霍秀秀从短暂的失神里挣脱,声音绷得很紧。
张启尘只是摇头:“眼下还不确切。
但线索已经握在手里,不出几日,必有答案。”
这是拖延。
他怎会不知?
他不仅清楚霍玲的下落,更知道那具躯体早已异化,成了非人非鬼的怪物,此刻正囚在格尔沐疗养院深处。
“好,我信你一回。”
霍秀秀目光闪动,话锋忽转,“那么……能让我瞧瞧你收着的那条铜鱼么?”
“请便。”
张启尘嘴角微抬。
他手腕一翻,掌心便多出一件青铜物件。
鱼身蜿蜒,眉部却雕成海蛇之形,泛着幽暗的锈色。
霍秀秀呼吸一滞。
先是惊于对方那凭空取物的手法,随即视线死死咬住铜鱼。
她追查这么久,半点踪迹都摸不着,竟在此人手中亲眼得见。
“给我!”
话音未落,她五指已如灵蛇出洞,直取铜鱼。
动作快得只剩残影。
换作旁人,恐怕东西早已易主。
可惜她面对的是张启尘。
他只随意将手一撤。
霍秀秀抓了个空,却不停顿,腰肢轻旋,整个人借势前探,第二抓又至。
“有意思。”
张启尘低笑。
他忽然将铜鱼向上一抛。
霍秀秀足尖点地,从椅中腾身而起,伸手去捞——
铜鱼却在半空消失了。
她落地时蹙紧眉头。
一低头,那物件不知何时已回到对方掌中。
腿风随即扫至,直逼张启尘面门。
“这便算抢了?”
他侧身避开,语气里掺进一丝凉意,“强夺的代价,你未必付得起。”
说话间,手掌已如铁钳般扣住了她的脚踝。
真白!
手腕只是轻轻一带。
她的双腿便被迫绷成笔直的线条。
布料下的轮廓若隐若现。
“你——”
霍秀秀呼吸一滞,察觉那道落在自己身上的视线,耳根瞬间烧了起来。
腰肢猛地拧转,整个人竟像没有骨头似的折了过去,直朝张启尘袭去。
这是霍家代代相传的柔术。
霍家历来由女子主事。
每个在霍家长大的孩子,自小都要研习这门功夫,霍秀秀更是其中拔尖的那个。
可惜这点本事摆在张启尘眼前。
实在不够瞧。
若不是存了几分逗弄的心思,他根本用不着一招,瞬息之间就能让她再也动不了。
哪还轮得到她出手?
只见他再次抬手,轻而易举便扣住了她一侧的手腕与脚踝。
“松开!”
霍秀秀声音里透出慌乱。
张启尘唇角弯了弯:“这话可不在理。
先动手的是你,现在喊停的也是你?”
霍秀秀气得咬住嘴唇。
被制住一手一足的情形下,她竟硬生生抬起另一条腿——
直冲他下身踢去。
裤管间掠过一丝凉意。
但这点把戏依旧不算什么。
他顺势将她往上一提,整个人便轻飘飘落进他臂弯里。
这身子真是软得惊人。
不愧是霍家练出来的。
他暗自想着。
“你做什么?放开!”
霍秀秀彻底慌了神,用力扭动起来。
张启尘任由她在怀里挣了两下:“不是你自己凑上来的么?”
“换个人可没这般好脾气。

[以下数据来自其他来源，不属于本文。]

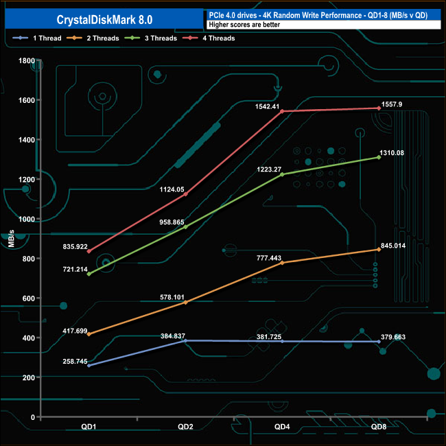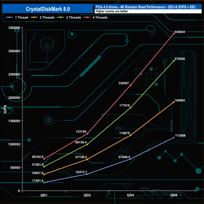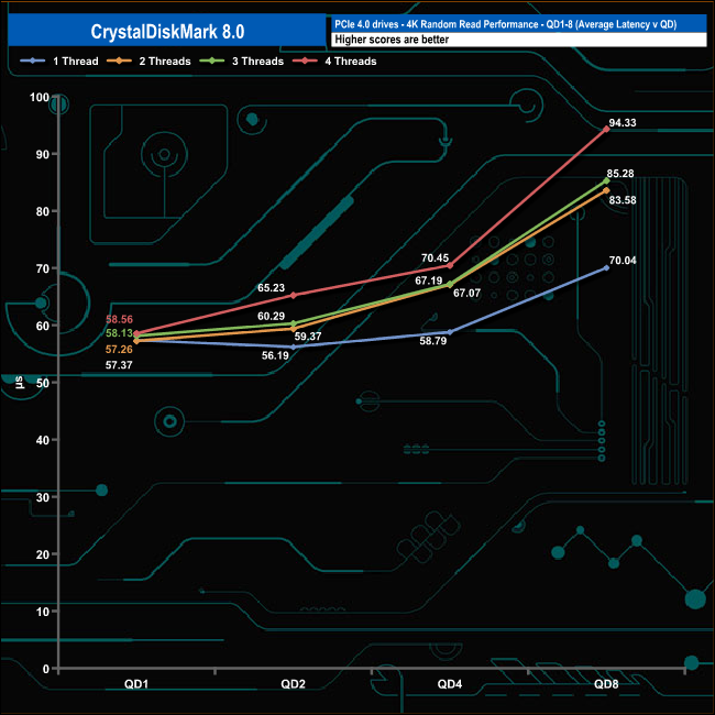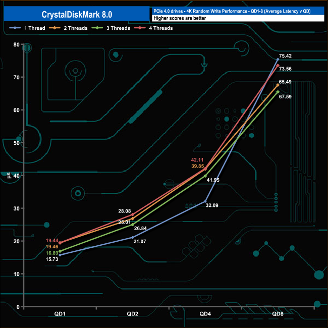 We also used CrystalDiskMark 8 to test the random performance of the drive at lower queue depths (QD1 – QD8 where most of the everyday workloads occur) using 1 to 4 threads.

”
“早该让你摔地上了。”
霍秀秀说不出话。
到这一刻她才明白,自己那些举动落在他眼里,恐怕滑稽得很。
这分明——
就是故意戏耍她罢了。
“张老板,”
她吸了口气,试图让声音平稳些,“方才……是我冒失了。
我们不如继续谈正事。”
挣不脱,只好另起话头。
长这么大从未与男子贴得这样近。
即便自幼受训,要求无论何时都必须维持镇定。
眼下却做不到了。
被他这样揽着。
她早已——
脸颊滚烫,胸口跳得发慌。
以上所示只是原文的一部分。